Benchmarks of the second approach (8.50 minutes > 6 minutes of the first approach)

  • Item-Item: Computed similarity scores for 400 movies in: 0:08:50.537102

Update - 3rd approach using iter_rows() operations

In my third approach, I have better results from the previous two methods, getting results in approximately 2 minutes for user 1 and 400 movies.

items_metadata = (
    movie_ratings.filter(
        ~pl.col("movieId").is_in(user_rated_movies)
    )
    .group_by("movieId").agg(
        users_seen_movie=pl.col("userId").unique(),
        user_ratings=pl.col("rating")
    )
)

target_items_metadata = (
    movie_ratings.filter(
        pl.col("movieId").is_in(user_rated_movies)
    ).group_by("movieId").agg(
        users_seen_movie=pl.col("userId").unique(),
        user_ratings=pl.col("rating")
    )
)

items_metadata is the metadata of other_movies not seen by the user 1.

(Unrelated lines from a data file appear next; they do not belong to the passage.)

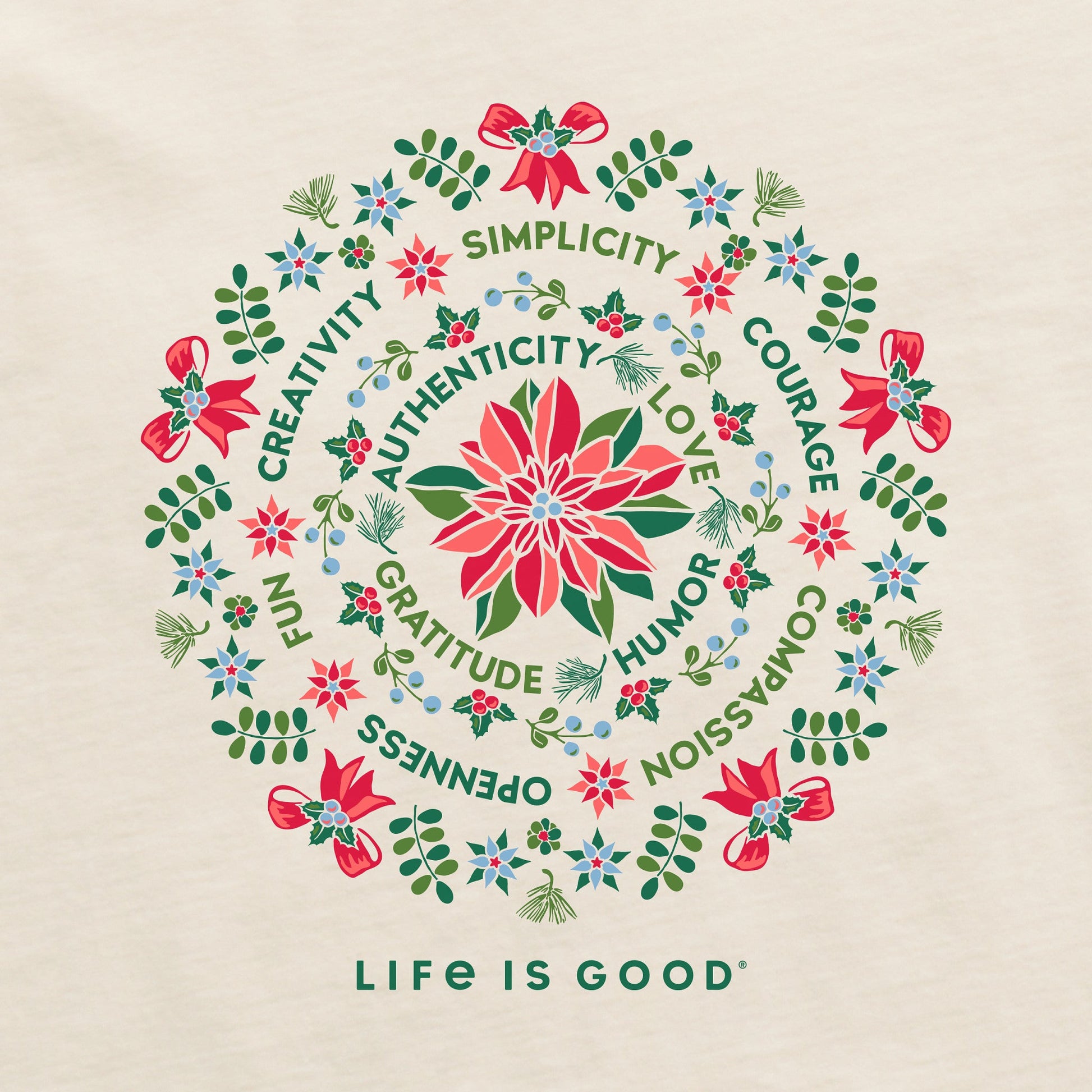 Women's Poinsettia Mandala Long Sleeve Crusher Tee
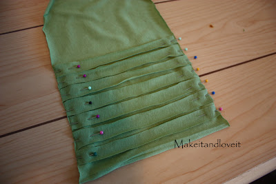 Then, starting an inch and a half from the end of your front piece (my end rolled a bit, so it’s hard to tell), pin 7 of your strips to the scarf.
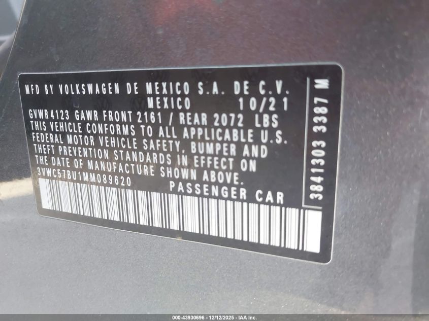 2021 VOLKSWAGEN JETTA 2021 року Бензин, 1.4, Передній привід, vin - 3VWC57BU1MM089620 з США
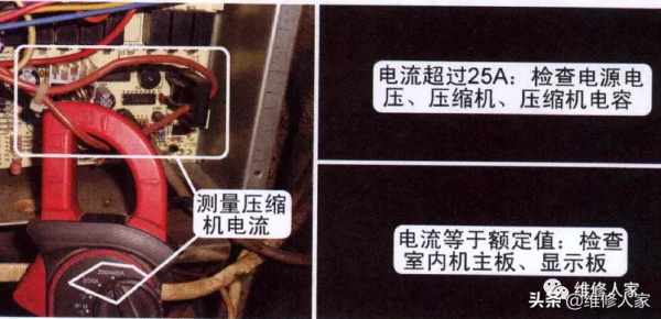 将空调器上电开机,使用万用表电流挡测量压缩机电流,实测电流超过25A约3s:说明压缩机启动不起来,主要检査电源电压、压缩机、压缩机 电容等部件。
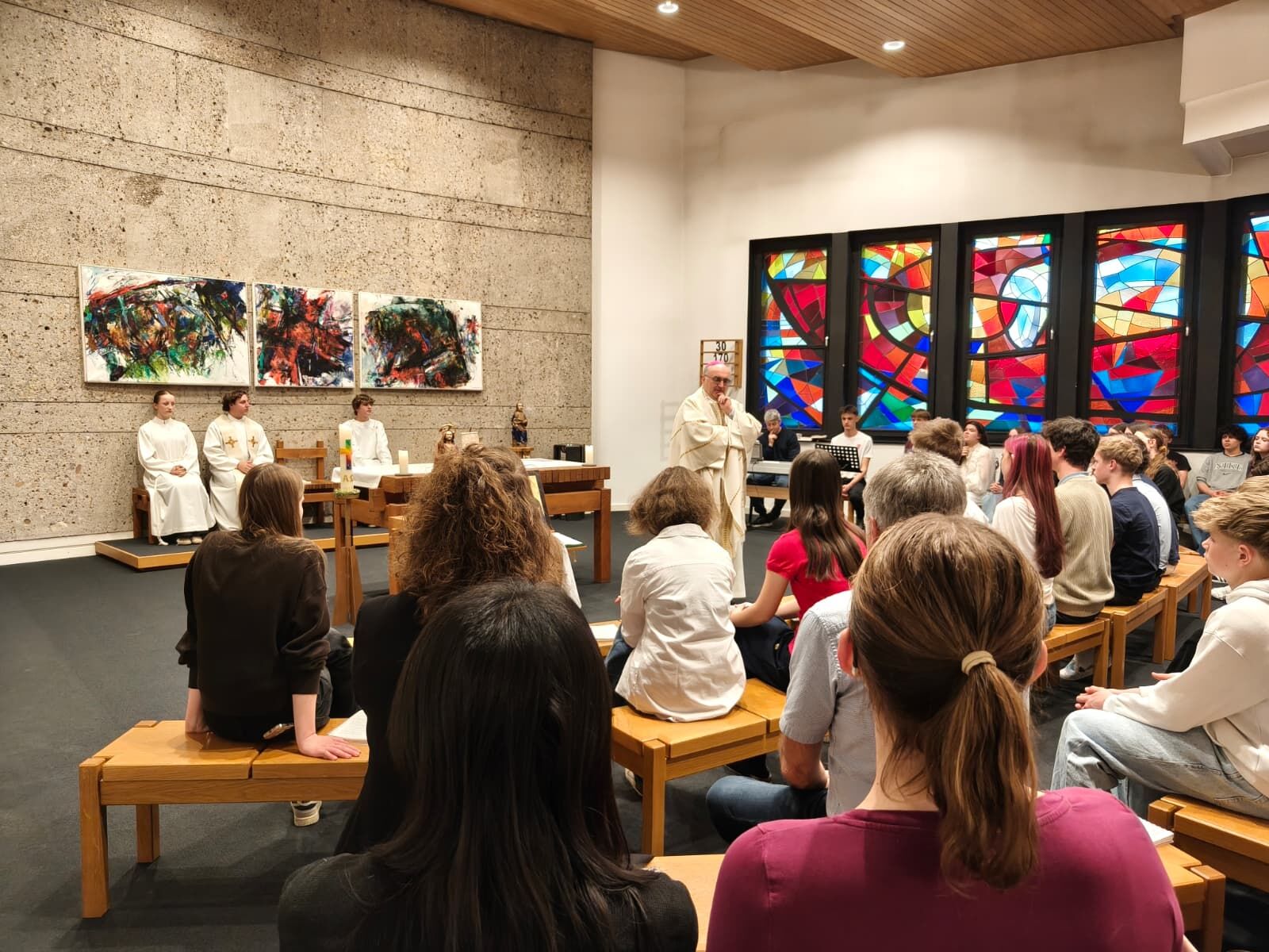 Danach ging es in einer offenen Austauschrunde weiter, in der unsere Jugendlichen neugierig nachfragten – und spannende Einblicke in das Leben eines Bischofs erhielten: ein dicht gefüllter Terminkalender, kaum freie Zeit, nur zweimal im Jahr Urlaub, Aufregung vor Live‑Fernsehauftritten und auch amüsante Geschichten hinter den Kulissen von ORF‑Interviews. Ebenso ehrlich sprach der Bischof über das Schreiben von Predigten, Künstliche Intelligenz und über die Auswirkungen von Social Media auf unser Miteinander.

target_items_metadata the metadata of the movies rated by user 1. By the term metadata I refer to the two aggregated .agg() columns, users_seen_movie and user_ratings

Finally, I create two for loops using iter_rows() method from polars

def cosine_similarity_score(array1:np.ndarray, array2:np.ndarray) -> float:
    assert(array1.shape[0] == array2.shape[0])
    a1a2 = 0
    a1a1 = 0
    a2a2 = 0
    for i in range(array1.shape[0]):
        a1a2 += array1[i]*array2[i]
        a1a1 += array1[i]*array1[i]
        a2a2 += array2[i]*array2[i]
    # cos_theta = 1.0
    cos_theta = 0.0
    if a1a1!=0 and a2a2!=0:
        cos_theta = float(a1a2/np.sqrt(a1a1*a2a2))
    return max(0.0, cos_theta)

for row1 in item_metadata.iter_rows():
    computed_similarity: list= []
    for row2 in target_items_metadata.iter_rows():
        r1, r2 = item_ratings(np.asarray(row1[1]), np.asarray(row1[2]), np.asarray(row2[1]), np.asarray(row2[2]))
        if r1.shape[0]!=0 and r2.shape[0]!=0:
            similarity_score = cosine_similarity_score(r1, r2)
        computed_similarity.append((row2[0], similarity_score if similarity_score > 0 else 0))
    computed_similarity_scores[str(row1[0])] = sorted(computed_similarity, key=lambda x: x[1], reverse=True)[:k_similar_user]

Benchmarks for 400 movies

  1. INFO - Item-Item: Computed similarity scores for 400 movies in: 0:01:50
  2. ~2 minutes.
  3. ~4.5gb of RAM used.

Solution

  • I'm not too familiar with numba, so before trying to compare timings, the first thing I would try to do is create a "fully native" Polars approach:

    This is a direct translation of the current approach (i.e. it still contains the "double for loop") so it just serves as a baseline attempt.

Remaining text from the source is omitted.